O si no, mi preferido de toda la colección: «Los espías». Como casi todos los cuentos de esta recopilación, empieza de una forma y termina de otra. De hecho, es tan potente el tirón del lugar común, que no te esperas el cambio. Se inicia con una familia que llega a un pueblo y de una pareja que los espía desde la casa de enfrente. La relación «espía-espiado» va mutando lentamente hasta lograr todo un comentario sobre nuestras necesidades sociales.

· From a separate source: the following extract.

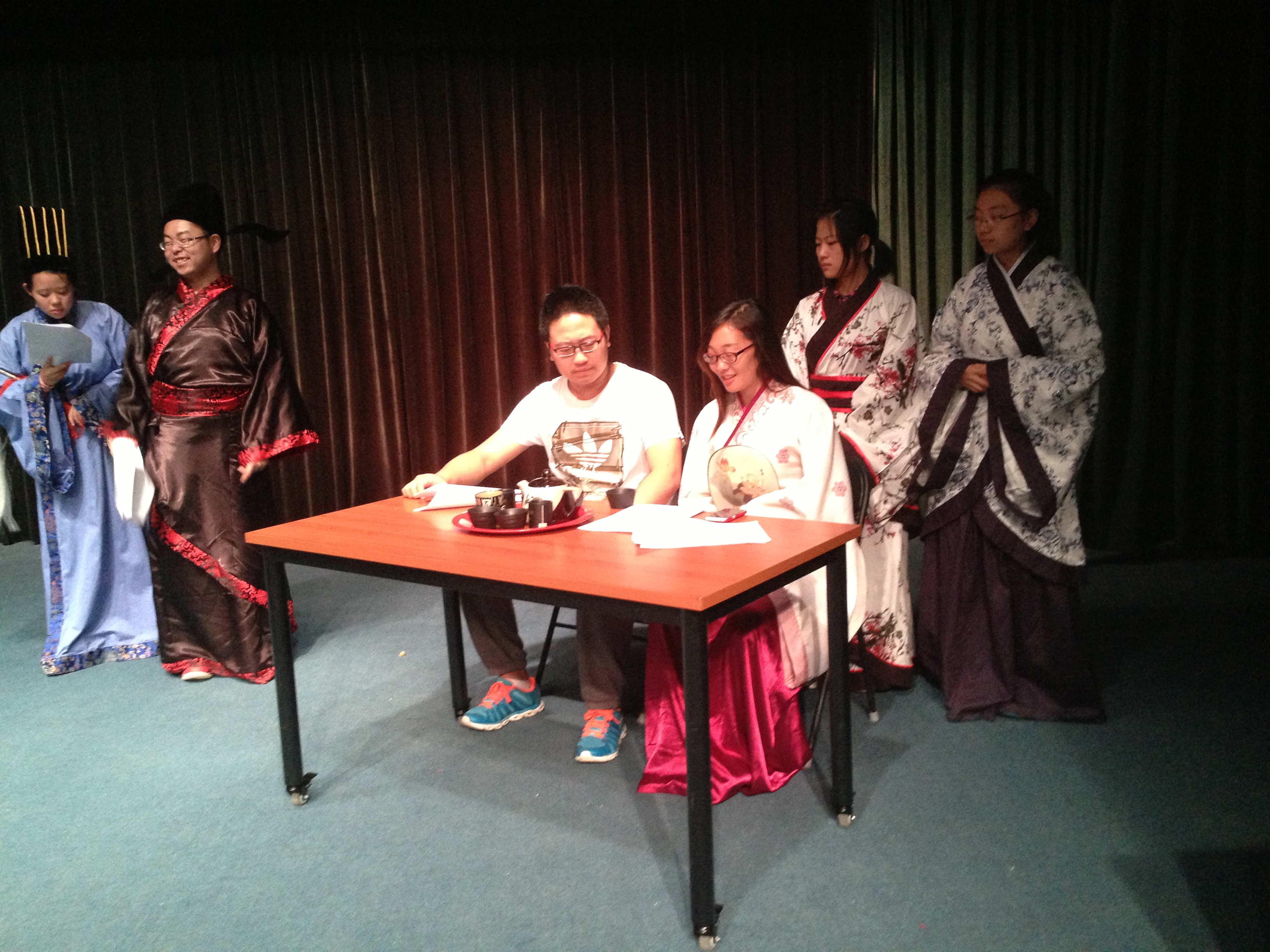 2013 年 6 月 9 日 ,话剧排演活动仍然在火热地进行着,各个剧组都从第一次的纠正台词、走位的层次上又上了一个高度,逐步要求演员有合适合时的语气和眼神,其中李白的放声大笑,刘兰芝的哭诉,局长们奸佞的笑,以及屈原哀伤的语调,都给整个话剧团的成员留下了深刻的印象。

En cierta forma, ése es el secreto de Jon Bilbao, lo que hacía funcionar El hermano de las moscas. No se trata de un hecho más o menos fantástico, eso no importa demasiado y apenas merece explicación. La utilidad de la situación anómala es precisamente obligar a los personajes a confesarse, a contarnos sus pequeñas miserias. Miserias que finalmente se revelan como perfectamente triviales, porque son las de todos nosotros. Lograr hacerlo como lo hace Jon Bilbao es todo un triunfo.
Pues ciertamente dan ganas de leerlo. Al autor no lo conocía salvo cuando vi tu entrada anunciando precisamente este libro y escribí un comentario diciendo que el título -por cierto muy bueno- también era el de un libro de H. G. Wells. Las grandes mentes piensan igual. Ya digo, me han entrado bastantes ganas de leerlo.
Saludos.
Enhorabuena por ser finalista en los premios setenil. Leeré tu libro porque me has picado la curiosidad. Te deseo la mayor suerte. Un saludo.